The answer must consist solely of the lines from the one with "Αλείφετε το κρέας" through the last line of the data, copied exactly, with no pictures.

» **Given data**:
Content starts

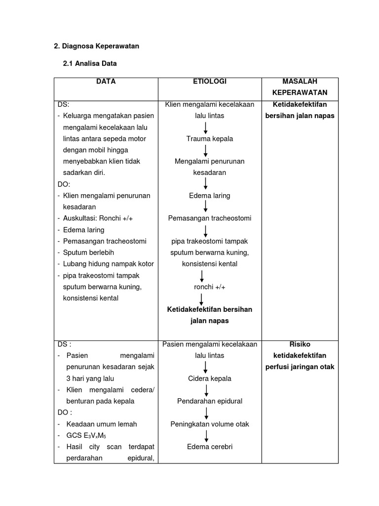 Analisa data ketidakefektifan bersihan jalan nafas. Terdapat benda asing dijalan napas spasme jalan napas. Infeksi disfungsi neuromuskular hiperplasia dinding bronkus alergi jalan nafas asma trauma obstruksi jalan nafas. Penulis mampu merumuskan diagnosa keperawatan ang dengan ketidakefektifan bersihan jalan nafas pada pasien bronkitis.
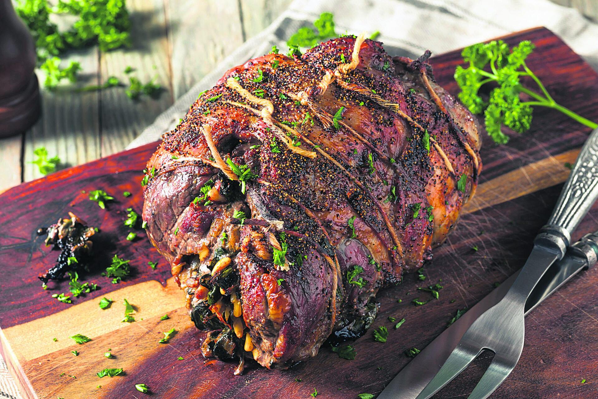 Αλείφετε το κρέας με λίγο από το λάδι και πασπαλίζετε τα μυρωδικά σε όλο το κομμάτι. Προθερμαίνετε τον φούρνο στους 200 βαθμούς και βάζετε το κρέας σε πυρίμαχο σκεύος, αν έχετε, αλλιώς σε ταψί με ένα φλιτζάνι νερό και ψήνετε για 1½ ώρα.
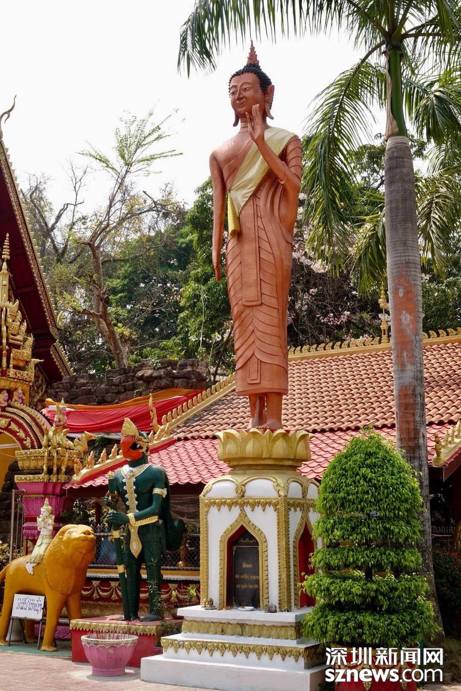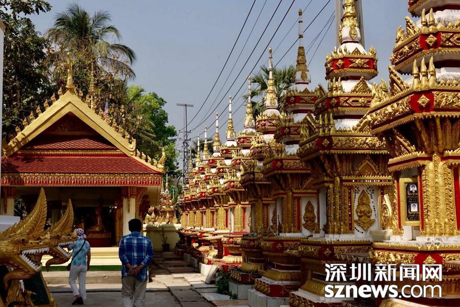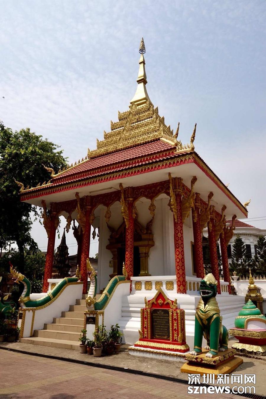 西蒙寺是萬象香火最旺盛的一個(gè)寺廟,又稱神城寺,每天有很多當(dāng)?shù)厝思坝慰蛠磉@里祈福,尤其受泰國(guó)游客鐘愛。李仁奇 攝

Content ends

» **Response to the task**:
 Αλείφετε το κρέας με λίγο από το λάδι και πασπαλίζετε τα μυρωδικά σε όλο το κομμάτι. Προθερμαίνετε τον φούρνο στους 200 βαθμούς και βάζετε το κρέας σε πυρίμαχο σκεύος, αν έχετε, αλλιώς σε ταψί με ένα φλιτζάνι νερό και ψήνετε για 1½ ώρα.
 西蒙寺是萬象香火最旺盛的一個(gè)寺廟,又稱神城寺,每天有很多當(dāng)?shù)厝思坝慰蛠磉@里祈福,尤其受泰國(guó)游客鐘愛。李仁奇 攝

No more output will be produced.